***** EXERCISE INPUTS *****

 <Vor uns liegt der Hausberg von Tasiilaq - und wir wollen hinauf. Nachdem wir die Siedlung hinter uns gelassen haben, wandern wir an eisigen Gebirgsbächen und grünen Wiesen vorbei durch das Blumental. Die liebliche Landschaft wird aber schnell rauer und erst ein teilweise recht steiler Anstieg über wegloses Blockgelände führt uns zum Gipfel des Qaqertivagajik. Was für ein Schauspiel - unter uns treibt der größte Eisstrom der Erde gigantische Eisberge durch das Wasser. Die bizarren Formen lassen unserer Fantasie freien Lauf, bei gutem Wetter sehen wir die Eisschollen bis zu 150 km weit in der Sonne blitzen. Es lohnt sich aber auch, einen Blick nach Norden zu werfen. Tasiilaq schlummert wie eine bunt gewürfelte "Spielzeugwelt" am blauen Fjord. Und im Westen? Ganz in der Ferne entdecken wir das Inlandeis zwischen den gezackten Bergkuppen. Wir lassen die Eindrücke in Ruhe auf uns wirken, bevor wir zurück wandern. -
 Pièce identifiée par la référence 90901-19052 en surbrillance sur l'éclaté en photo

*****
***** EXERCISE INPUTS *****

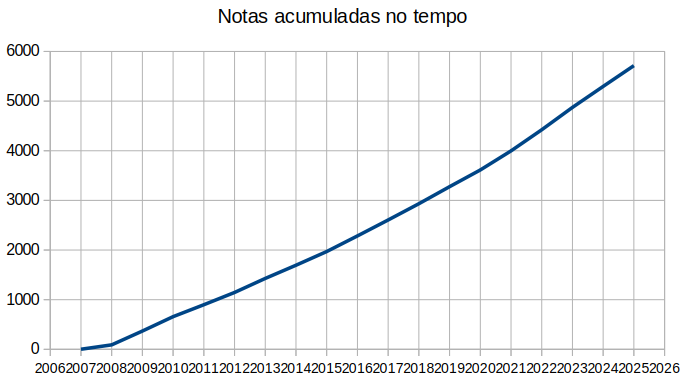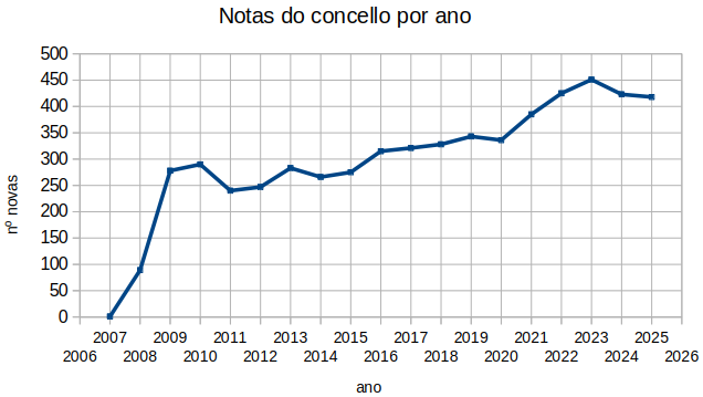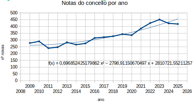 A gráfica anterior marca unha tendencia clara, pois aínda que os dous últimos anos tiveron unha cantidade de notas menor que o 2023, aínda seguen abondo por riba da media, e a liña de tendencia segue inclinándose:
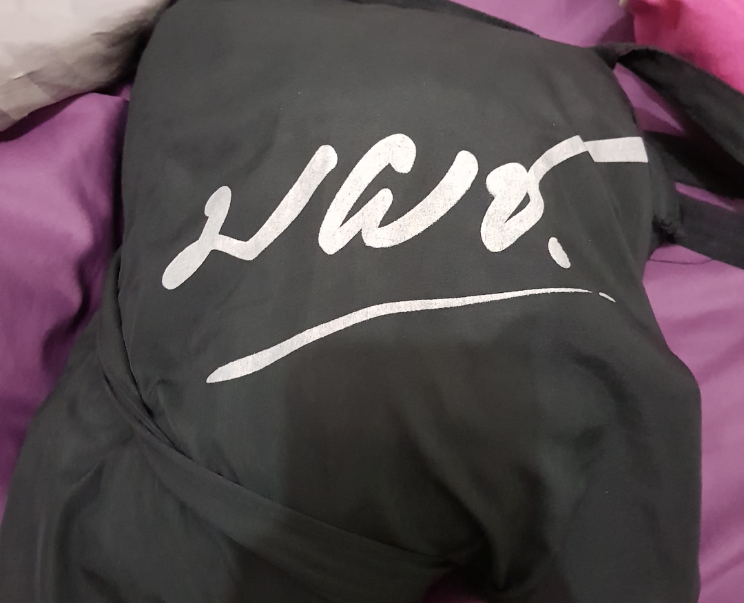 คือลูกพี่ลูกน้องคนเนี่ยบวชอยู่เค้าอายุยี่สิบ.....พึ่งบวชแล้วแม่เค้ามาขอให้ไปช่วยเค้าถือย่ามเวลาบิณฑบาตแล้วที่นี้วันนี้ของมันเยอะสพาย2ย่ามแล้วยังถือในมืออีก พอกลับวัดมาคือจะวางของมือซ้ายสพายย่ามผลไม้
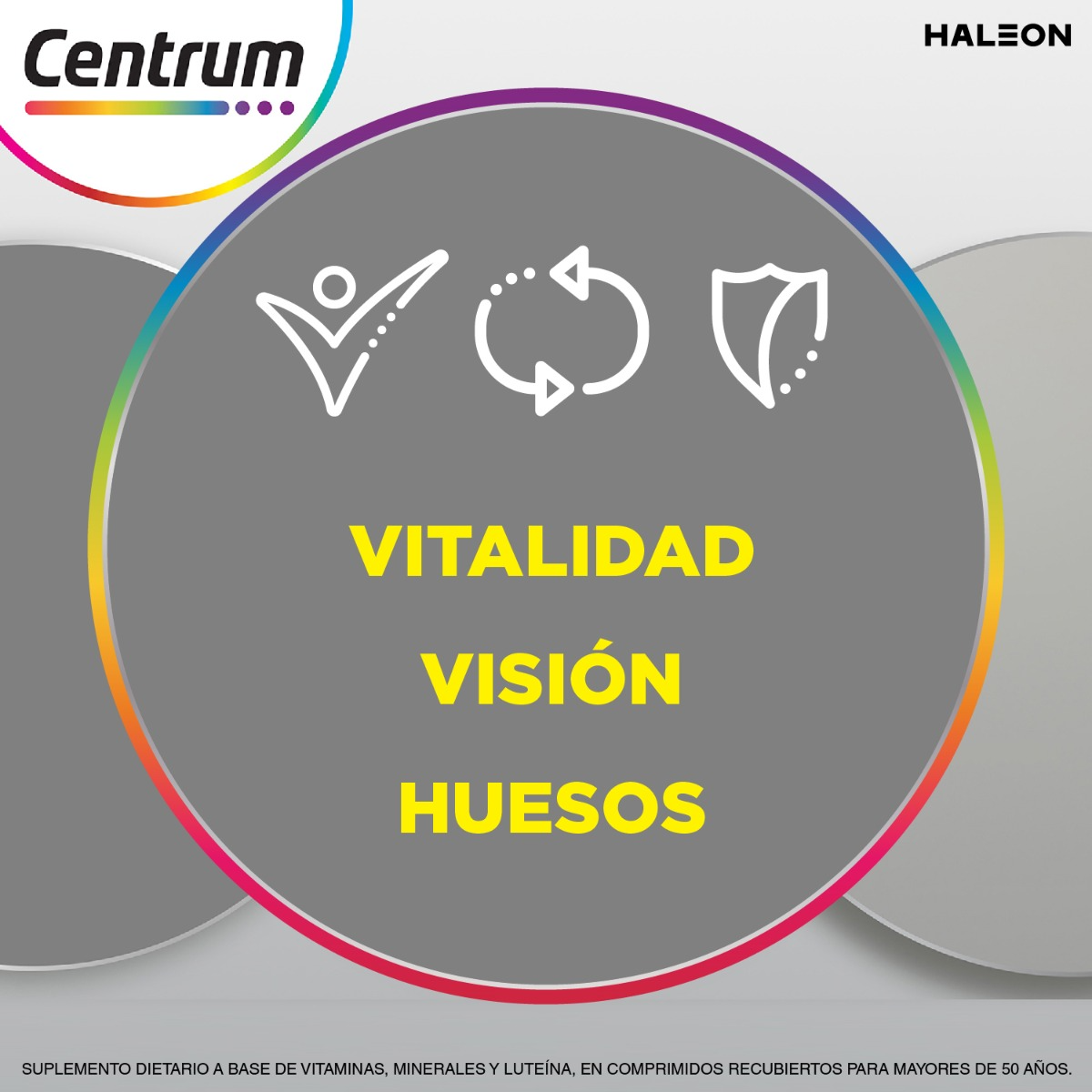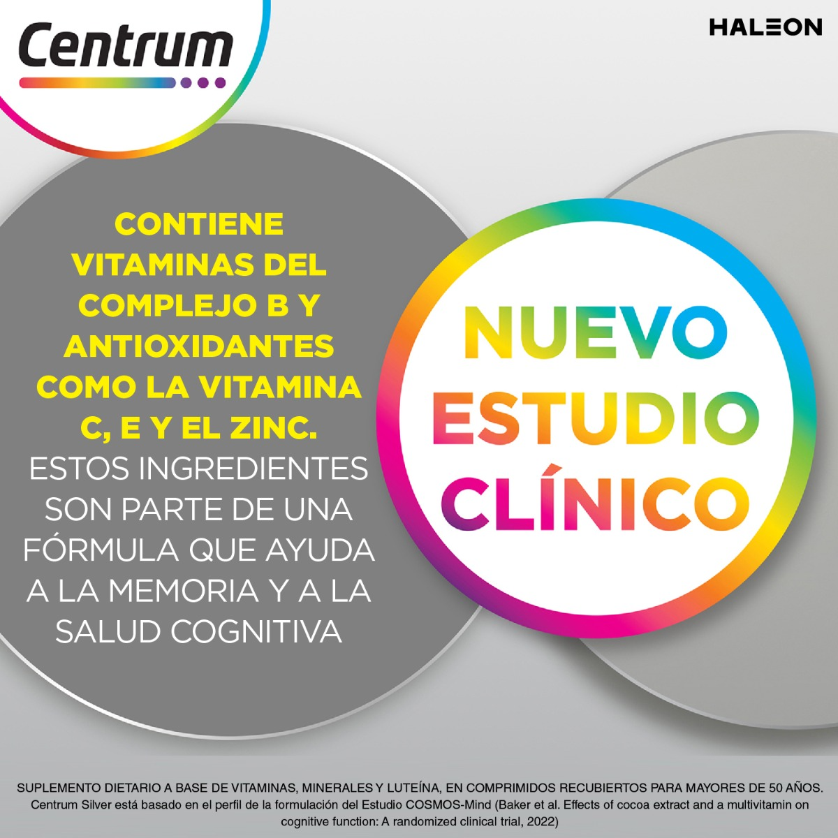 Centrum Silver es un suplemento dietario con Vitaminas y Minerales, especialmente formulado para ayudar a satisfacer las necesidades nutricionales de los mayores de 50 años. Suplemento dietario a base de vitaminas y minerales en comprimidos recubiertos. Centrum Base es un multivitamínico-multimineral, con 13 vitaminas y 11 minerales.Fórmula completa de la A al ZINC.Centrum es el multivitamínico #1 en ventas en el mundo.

*****

> _DIRECTIONS FOR THIS TASK_: Produce an exact reproduction of the listing above, limited to the lines starting at the line with "A gráfica anterior" and ending at the line with "Centrum Silver es", both kept, with every picture left out.

> _PROBLEM SOLUTION_:
 A gráfica anterior marca unha tendencia clara, pois aínda que os dous últimos anos tiveron unha cantidade de notas menor que o 2023, aínda seguen abondo por riba da media, e a liña de tendencia segue inclinándose:
 คือลูกพี่ลูกน้องคนเนี่ยบวชอยู่เค้าอายุยี่สิบ.....พึ่งบวชแล้วแม่เค้ามาขอให้ไปช่วยเค้าถือย่ามเวลาบิณฑบาตแล้วที่นี้วันนี้ของมันเยอะสพาย2ย่ามแล้วยังถือในมืออีก พอกลับวัดมาคือจะวางของมือซ้ายสพายย่ามผลไม้
 Centrum Silver es un suplemento dietario con Vitaminas y Minerales, especialmente formulado para ayudar a satisfacer las necesidades nutricionales de los mayores de 50 años. Suplemento dietario a base de vitaminas y minerales en comprimidos recubiertos. Centrum Base es un multivitamínico-multimineral, con 13 vitaminas y 11 minerales.Fórmula completa de la A al ZINC.Centrum es el multivitamínico #1 en ventas en el mundo.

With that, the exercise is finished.